SimpleAgents is a YAML workflow engine for AI products. Define nodes, routing, schemas, and workers in one config. Run it in Python or TypeScript. Ship today.

Every agentic SaaS is a config.

GitHub Stars GitHub Forks GitHub Issues License

PyPI Version PyPI Downloads npm Version npm Downloads

Links

  • Docs: https://docs.simpleagents.craftsmanlabs.net/
  • Playground: https://yamslam.craftsmanlabs.net/playground

Start Here

  • New here? Start with docs/WORKFLOW_QUICKSTART.md for your first working workflow.
  • Using Python? Go to docs/BINDINGS_PYTHON.md.
  • Using TypeScript / Node? Go to docs/BINDINGS_NODE.md.
  • Using Rust directly? Go to docs/QUICKSTART.md.
  • Want runnable examples? Go to docs/EXAMPLES.md.

Install

pip install simple-agents-py     # Python
npm install simple-agents-node   # TypeScript / Node

How It Works

  1. Define your workflow as YAML -- nodes, edges, structured outputs, routing
  2. Run it with 10 lines of Python or TypeScript
  3. Ship -- streaming, images, Langfuse/Jaeger observability all work out of the box

Every email classifier, document processor, intake system, interview bot, and support agent is the same pattern: LLM nodes with structured outputs and deterministic routing. SimpleAgents makes that pattern a config file.

Who It's For

  • Teams building classifiers, support flows, document workflows, intake systems, or other structured AI flows
  • Builders who want routing, schemas, streaming, and custom workers without writing framework glue

Use It When

  • You want structured LLM workflows with deterministic routing
  • You want the same workflow config to run in Python or TypeScript
  • You want custom worker steps and tracing without building the plumbing yourself

If you only need one prompt call and no workflow, use the lower-level bindings directly.

Quick Example

workflow.yaml

id: classifier
version: 1.0.0
entry_node: classify

nodes:
  - id: classify
    node_type:
      llm_call:
        model: gpt-4.1-mini
        messages_path: input.messages
        heal: true
    config:
      output_schema:
        type: object
        properties:
          category:
            type: string
            enum: [billing, support, sales]
        required: [category]
        additionalProperties: false
      user_input_prompt: |
        Classify the user message.
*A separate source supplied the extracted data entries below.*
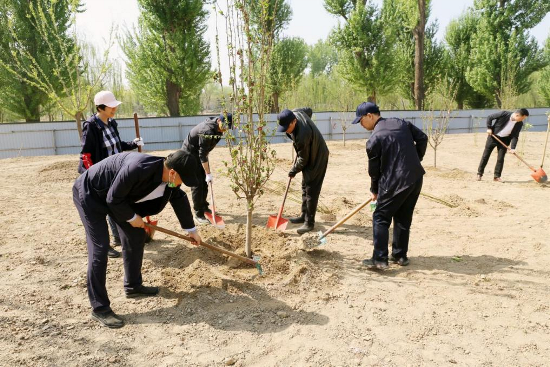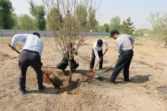 植樹現場,參加植樹的同志揮鍬培土、扶苗入坑、填土踩實、提桶澆水,合力栽植了國槐、楸樹、丁香等240余株。
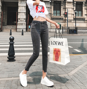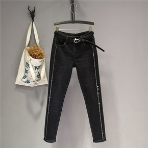 牛仔裤女小脚高腰薄款链新款束脚ins显瘦黑九分弹力...
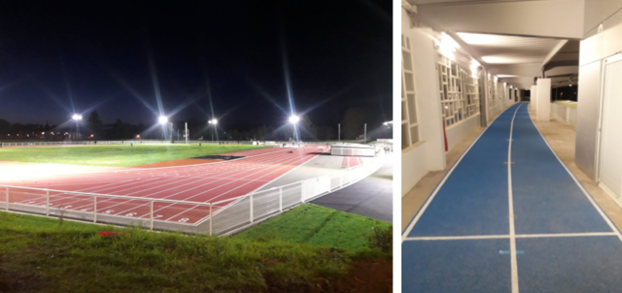 « Il faut admettre que le stade avait besoin d’une sérieuse reprise en main », confie Fabien Chetanneau, qui s’est occupé de la refonte des pistes au côté du cabinet d’architectes nantais Déesse 23, chargé de la tribune, des vestiaires et du club house. « La mission d’Osmose s’est portée sur la réfection de l’anneau de course (six couloirs) et des trois couloirs d’échauffement situés en bordure de piste. L’équipe a fait le choix de conserver l’ancienne sous-couche sur laquelle un nouveau revêtement a été coulé. Sage précaution, compte tenu du sous-sol sablonneux sur lequel le stade a été construit. Les couloirs indoor, abrités par la tribune, ont également été réhabilités par Osmose.
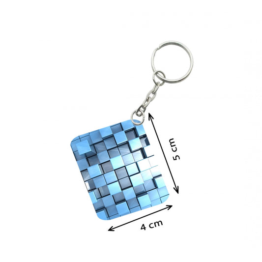 PKR Kart Pack Of 3_ Blue Cubes One Side Printed Rectangle Designer Keychain (Blue)
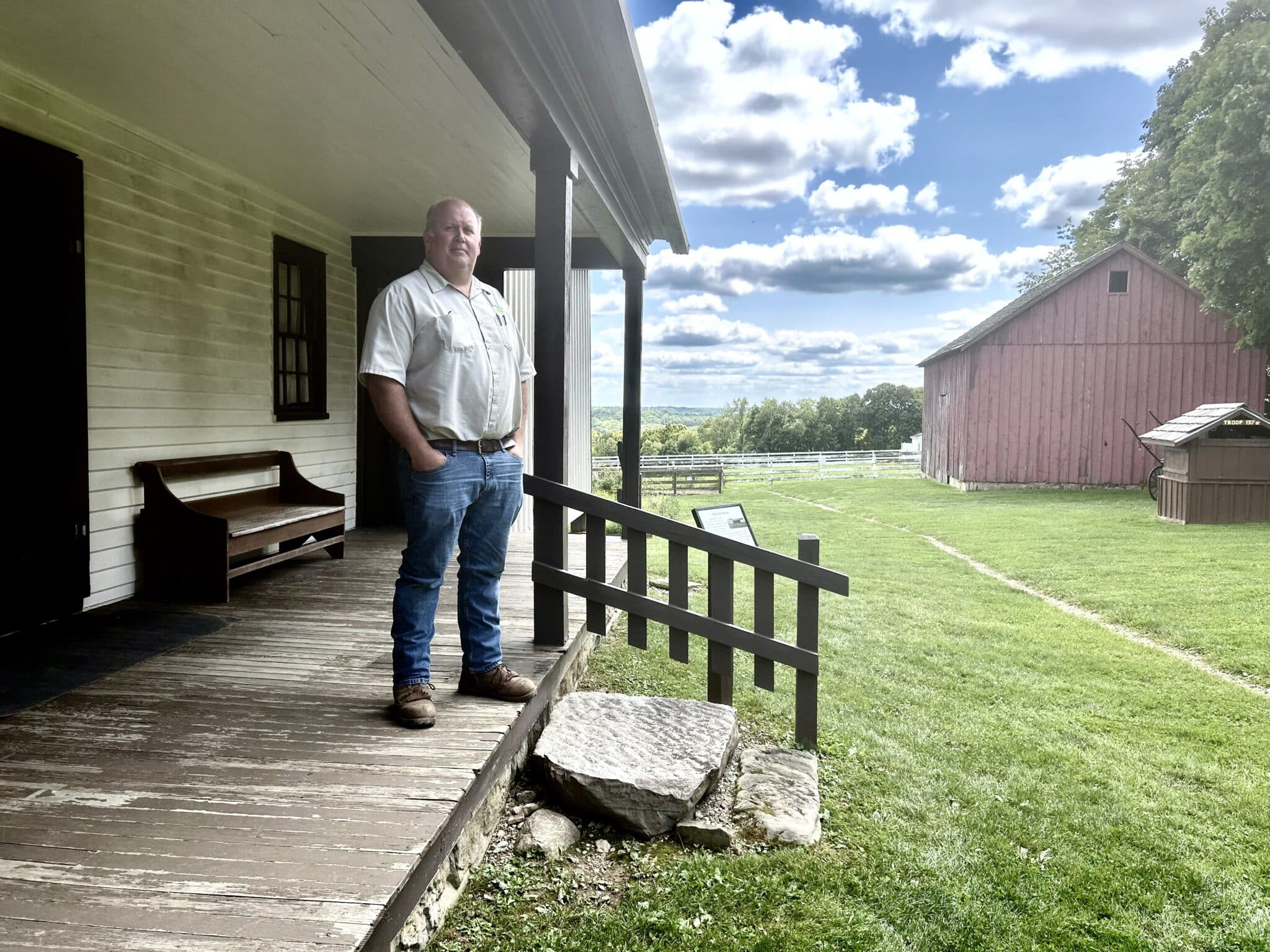 Geauga County Historical Society Treasurer Jim Vinecourt stands on the porch of the Cook House, a 218-year-old structure, in the Century Village Museum in Burton Village. The museum is in need of financial support and the community is stepping up with it, he said.
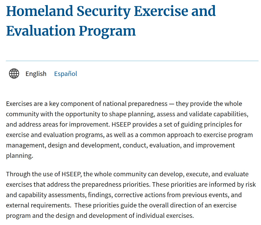 >>42218650I'm not going to pretend for a moment that you don't know what puns are.You are being deliberately disingenous.https://www.fema.gov/emergency-managers/national-preparedness/exercises/hseep
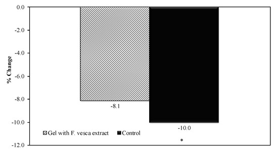 To evaluate the in vivo antioxidant activity, an analysis of the skin color was performed and compared to the first day of topical application of the products (D0) was performed. The color variation (b* parameter) in the control arm (10.0%) was significantly higher than the variation in the arm treated with hydrogel formulation containing F. vesca (8.1%). The difference between the variation was 1.9%. Figure 4 shows the values of b* parameter before and after UVA irradiation, in the control arm, and in the arm treated with hydrogel with F. vesca extract.
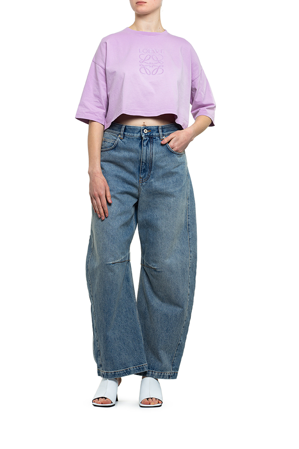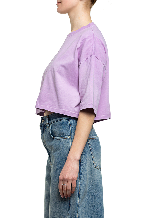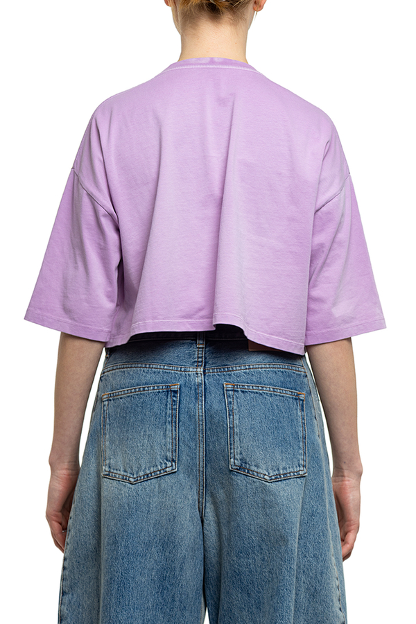 - Укорочена футболка вільного крою, круглий виріз горловини, занижена лінія плечей, вишивка логотипу на грудях
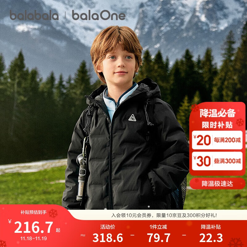 巴拉巴拉balaOne儿童羽绒服男童女童童装2025年冬季户外防护208425107233
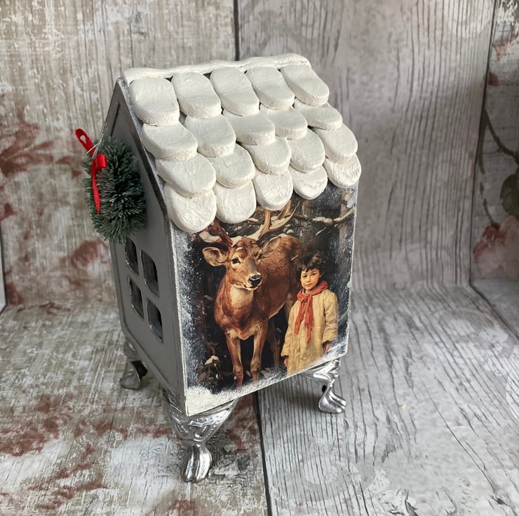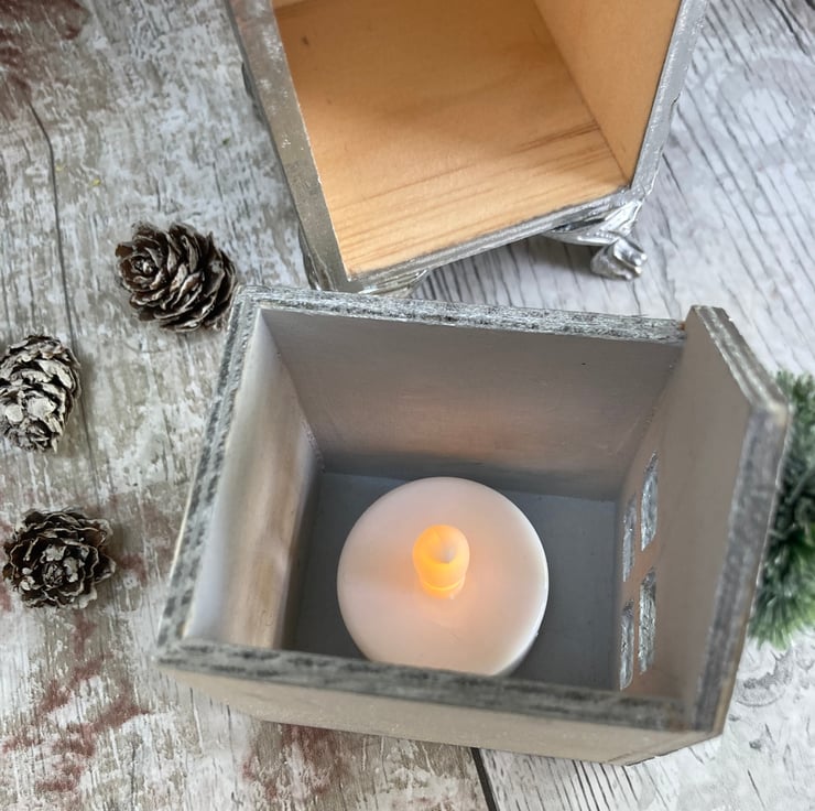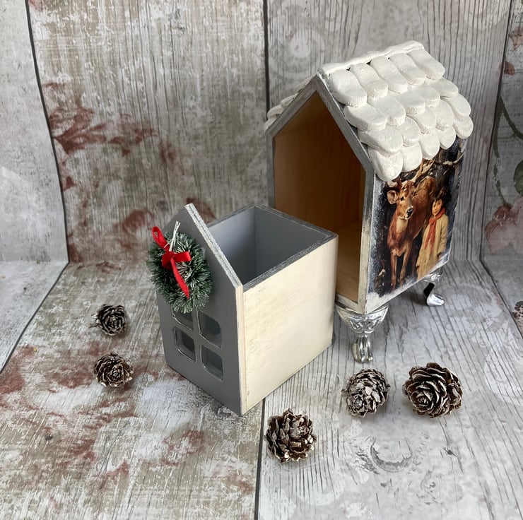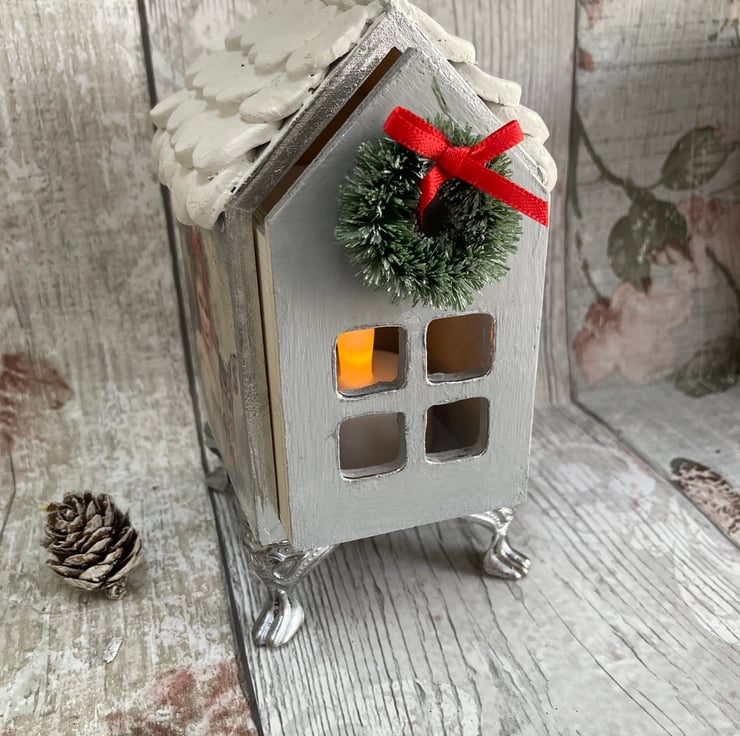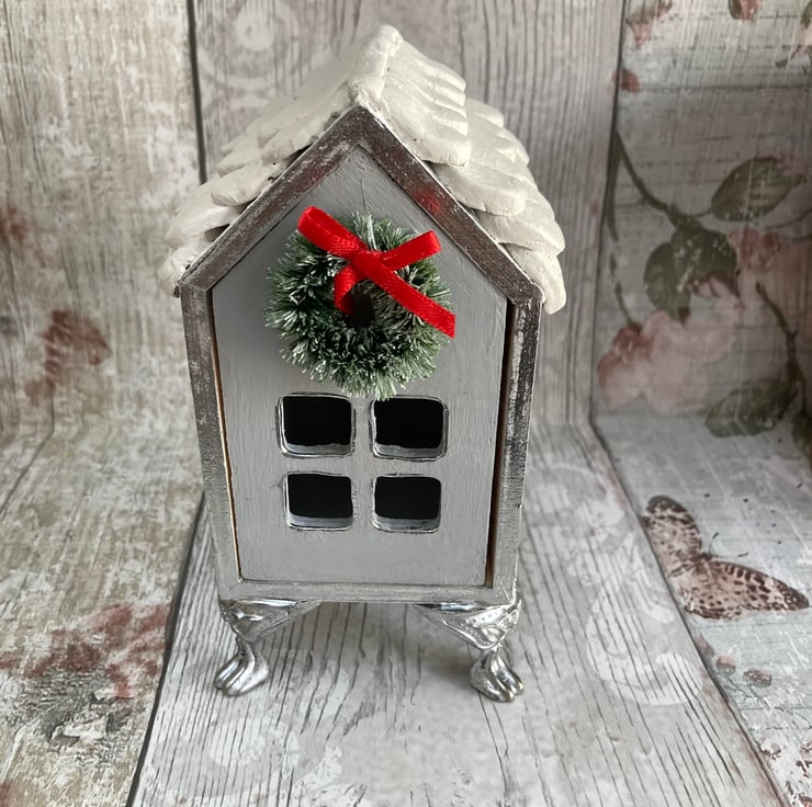 This is a beautiful unique House Shaped Trinket Box / Battery Tealight Holder
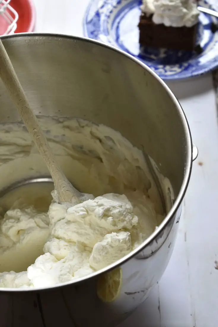 Add heavy cream and vanilla extract into the mixing bowl and sift in the confectioners’ sugar. Turn the speed to medium-high and whisk for 5 minutes or until the cream peaks.
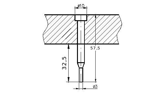Наиболее нагруженными пуансонами во всех штампах являются пуансоны для пробивки отверстий диаметром 3 мм, которые и подвергнем прочностным расчетам по рекомендациям /2/. Чертеж пуансона представлен на рис. 3.6.
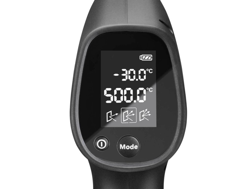 Měření povrchových teplot s UniversalTemp je snadné. Infračervená laserová technologie nabízí široký rozsah měření od -30 °C po +500 °C. Vyberte si ze tří měřicích režimů pro přesnější výsledky v závislosti na materiálu nebo přepínejte mezi jednorázovými a soustavnými režimy pro regulaci výsledků. Ergonomický design teploměru s obráceným segmentovaným displejem a podsvícením zlepšuje viditelnost a usnadňuje čtení výsledků. Během používání je pro rychlý přehled zobrazena aktuální a předchozí naměřená hodnota. Měřte teplotu v ledničce, mrazničce či v troubě nebo na kameni na pizzu a kontrolujte izolační funkci oken a odhalujte případné zdroje energetických ztrát.
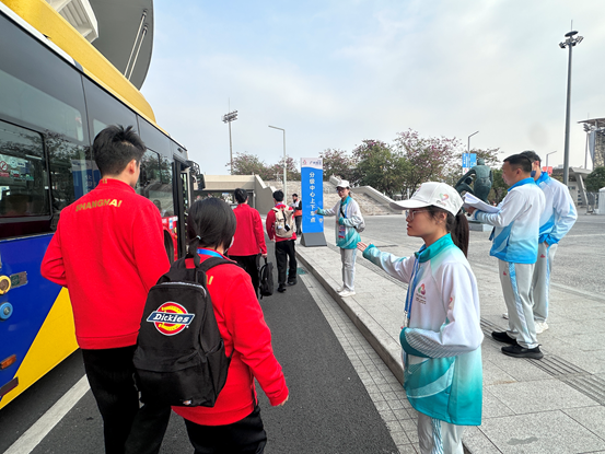 志愿者在分级中心上下车点引导运动员
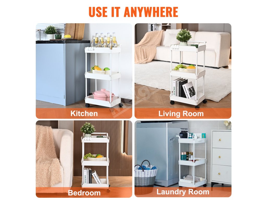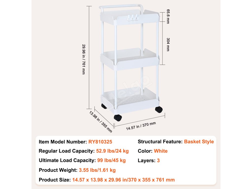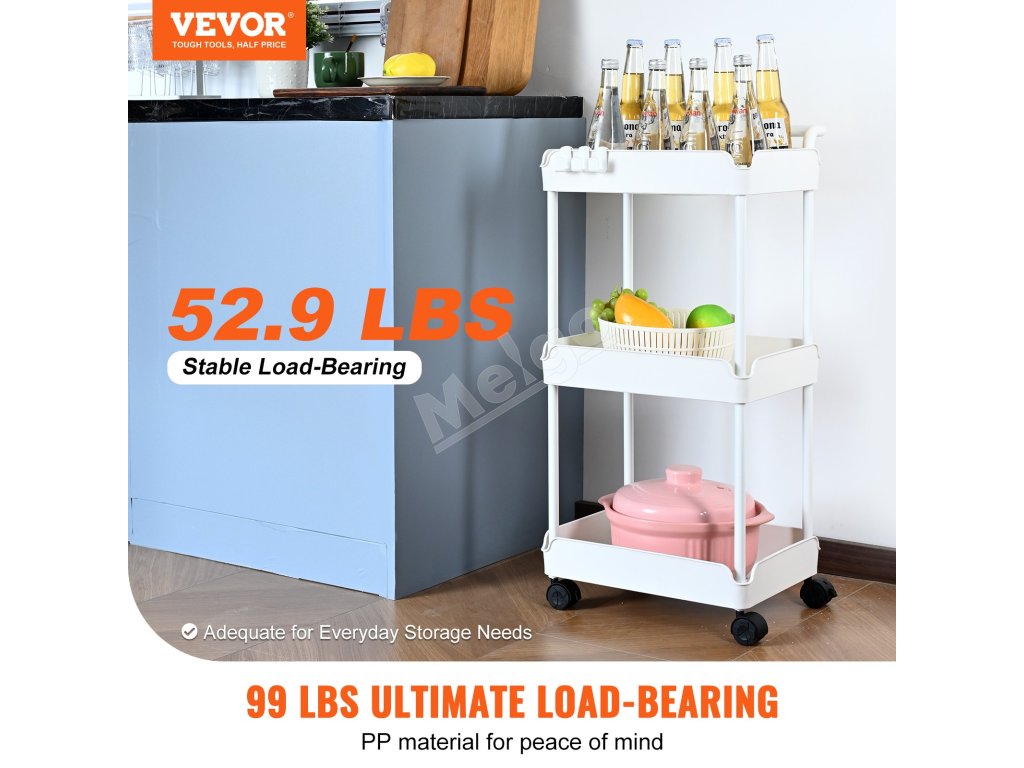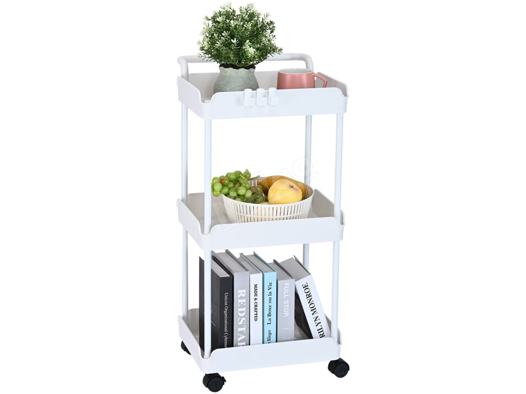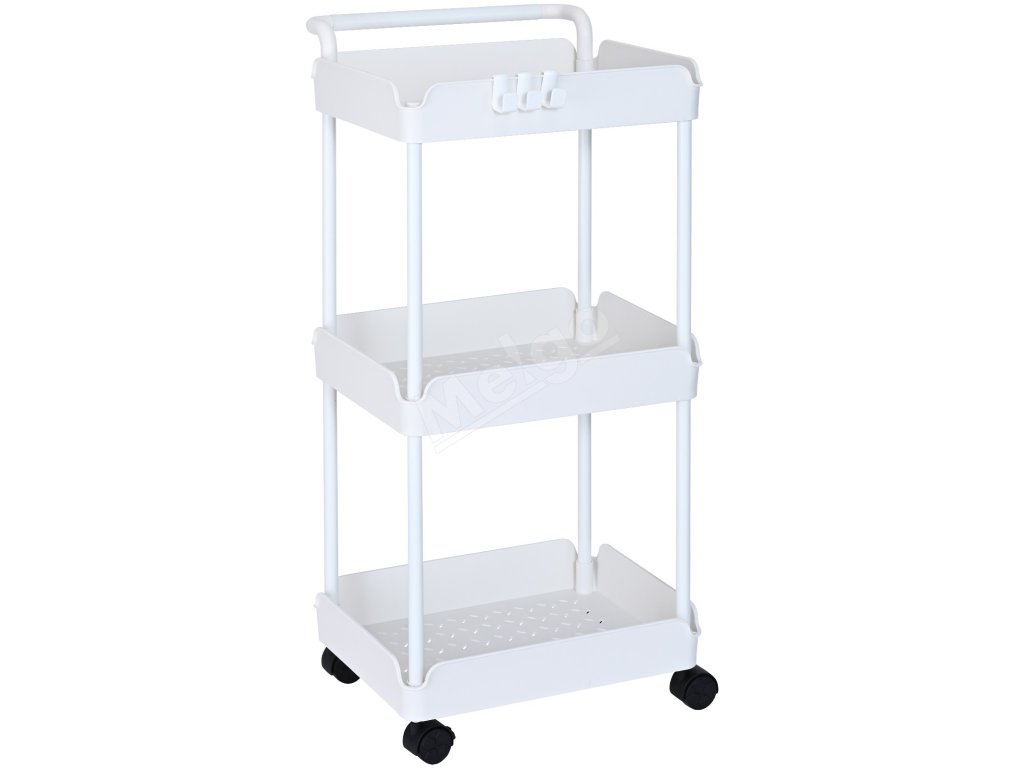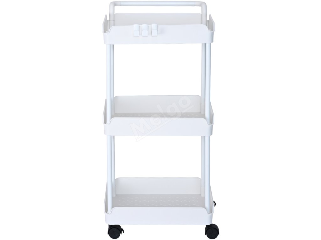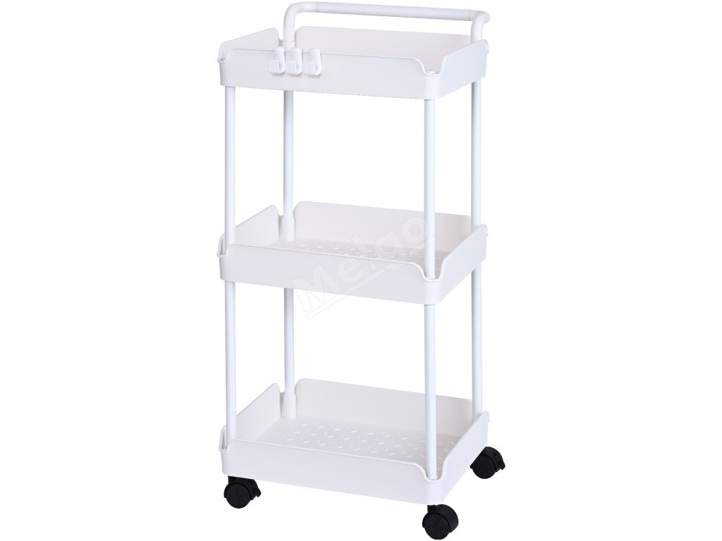 Pojazdný 3-poschodový vozík s úchytom a uzamykacími kolieskami, biely

Return JSON only.

edges: []

run.py

import json, os
from pathlib import Path
from dotenv import load_dotenv
from simple_agents_py import Client
from simple_agents_py.workflow_request import (
    WorkflowExecutionRequest, WorkflowMessage, WorkflowRole,
)

load_dotenv()
client = Client(os.environ["WORKFLOW_PROVIDER"], api_base=os.environ["WORKFLOW_API_BASE"], api_key=os.environ["WORKFLOW_API_KEY"])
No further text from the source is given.